In Italia non c'è concorrenza, non c'è ricerca, non c'è innovazione, la nostra è una società ferma, compriamo tutto dall'estero e non produciamo nulla di nuovo da decenni. Le competenze dei nostri laureati vengono assolutamente ignorate e una volta laureati, conviene comprarsi una vanga perché si deve cominciare a spalare la merda.

Ho lavorato dentro un grande giornale per otto anni, ora sto in un enorme carrozzone ex-statale. Il lavoro per me sono le meno ore possibili contrattabili della giornata durante le quali vengo obbligato a restare nello stesso posto in cambio di soldi, la felicità è comunque là fuori quelle finestre.

Jos ha detto...

Ho fatto tanti lavori.

Sono stato operaio in un macello. Sono stato bracciante agricolo. Ho distribuito i giornali alle sei del mattino in zona porta Genova a Milano agli abbonati che volevano "Repubblica" sullo zerbino in tempo per la colazione (e il venerdì, quando c'era appunto "Il Venerdì" ma anche "Affari e Finanza") erano decine e decine di copie da portare su e giù (mica potevo lasciarle in strada con la bicicletta) e dove non c'era l'ascensore erano decine di piani da fare a piedi.

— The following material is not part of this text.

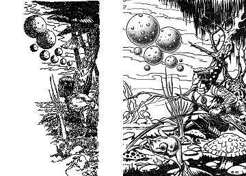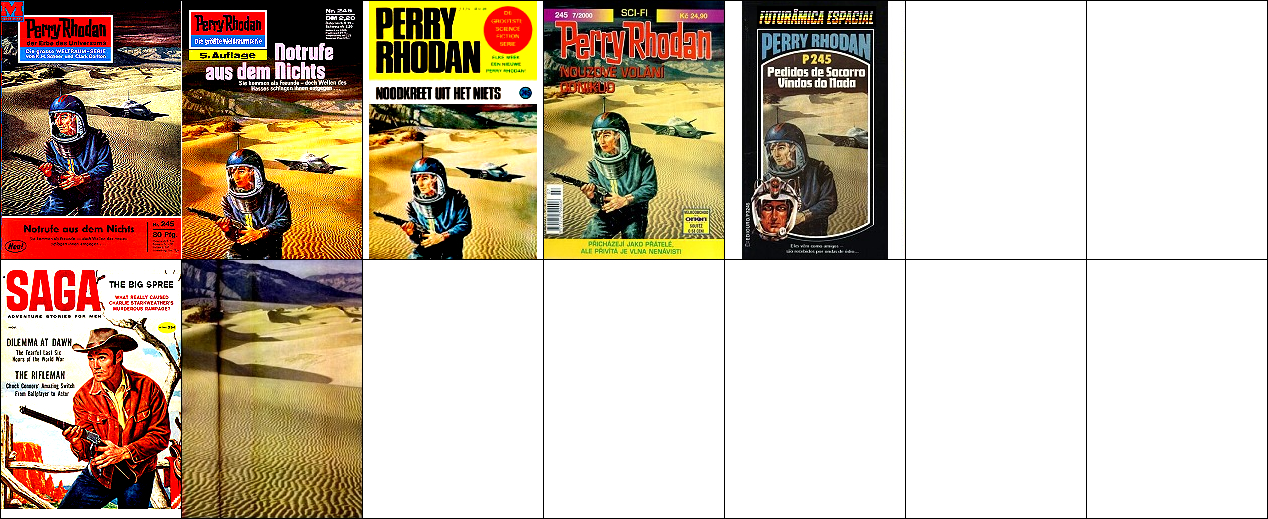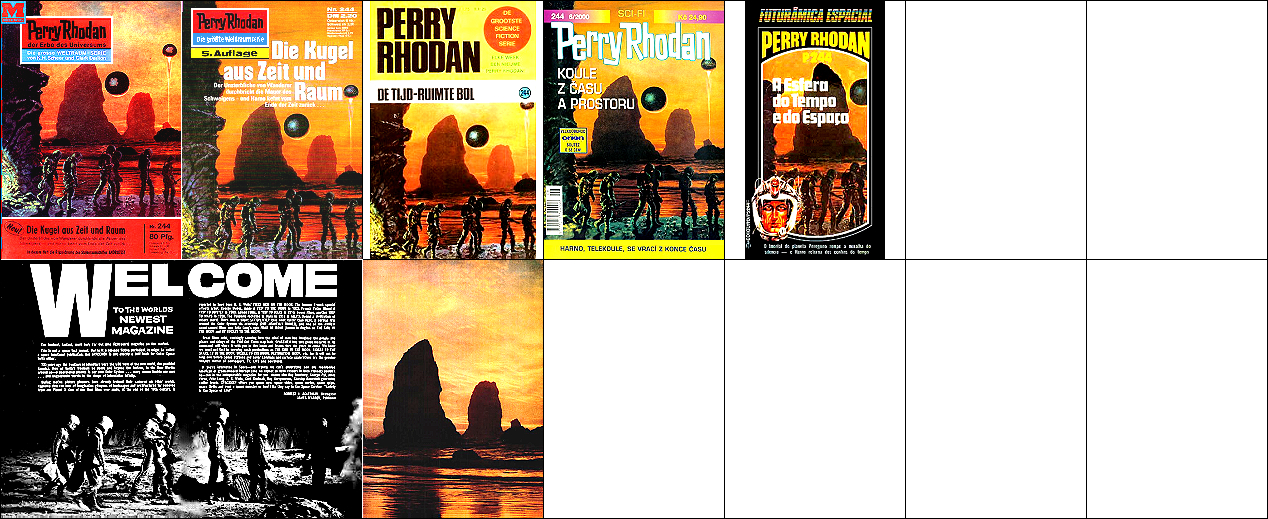 1 - 5 gleiches Bild, Raumfahrer aus 8 in 1 eingebaut, in 9 Zeichnung mit gleicher Körperhaltung, die Felssäule ist umgedreht aus 10 übernommen, das Raumboot ist von 11 nachgezeichnet |
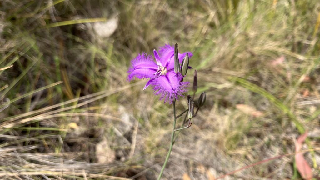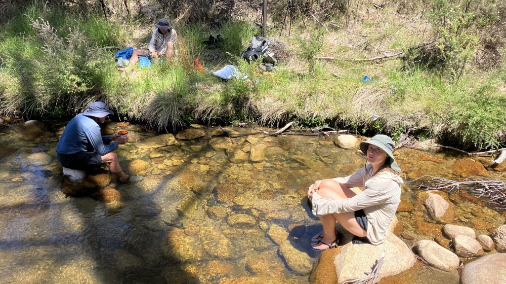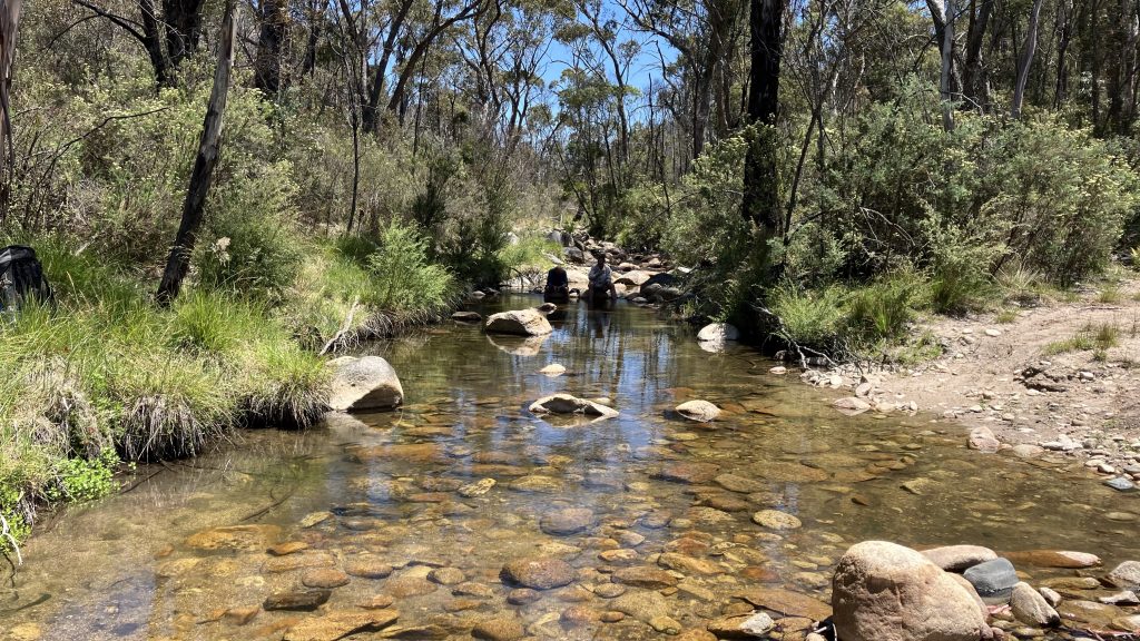 As Robyn disappears up the trail, the rest of us start down towards the valley beneath Blue Gum Hill. We walk slowly to conserve fluids in the bartering heat. There’s a creek 600m down that, when planning, I had hoped would provide, but unsurprisingly, it’s bone dry. We continue another kilometre towards Blue Gum creek. We’re all carrying the worry of what to do if that’s dry too. Thankfully, when we finally make it down to the creek it’s flowing strong and clear.

Sono stato cassiere in una agenzia ippica, ho lavorato come impiegato quasi un anno alla Siae, ho fatto telemarketing.

L'unico lavoro che ho lasciato dopo la prima giornata è stato quello di venditore di enciclopedie porta a porta.

Tutti questi lavori li ho fatti prima di riuscire a entrare nell'IFG di Milano, mi sono serviti a mantenermi agli studi e a prepararmi per il concorso.

Ma se avessi vent'anni adesso me ne andrei via dall'Italia. Come del resto hanno fatto tanti miei coetanei e amici. Questo non è un paese per giovani. Me ne andrei in Canada, probabilmente.

Dopo otto anni in un giornale sei finito nel parastato? Sei stato precario per otto anni e poi hai deciso di (o hai dovuto) mollare?

JB

valerio ha detto...

Non si decide granché quando un lavoro vale l'altro ("Nessuno di noi sta facendo la rivoluzione francese"), l'unica cosa che può farti cambiare è un contratto migliore o un contratto e basta invece di rimanere senza lavoro e non sapere come pagare l'affitto e la vita in generale.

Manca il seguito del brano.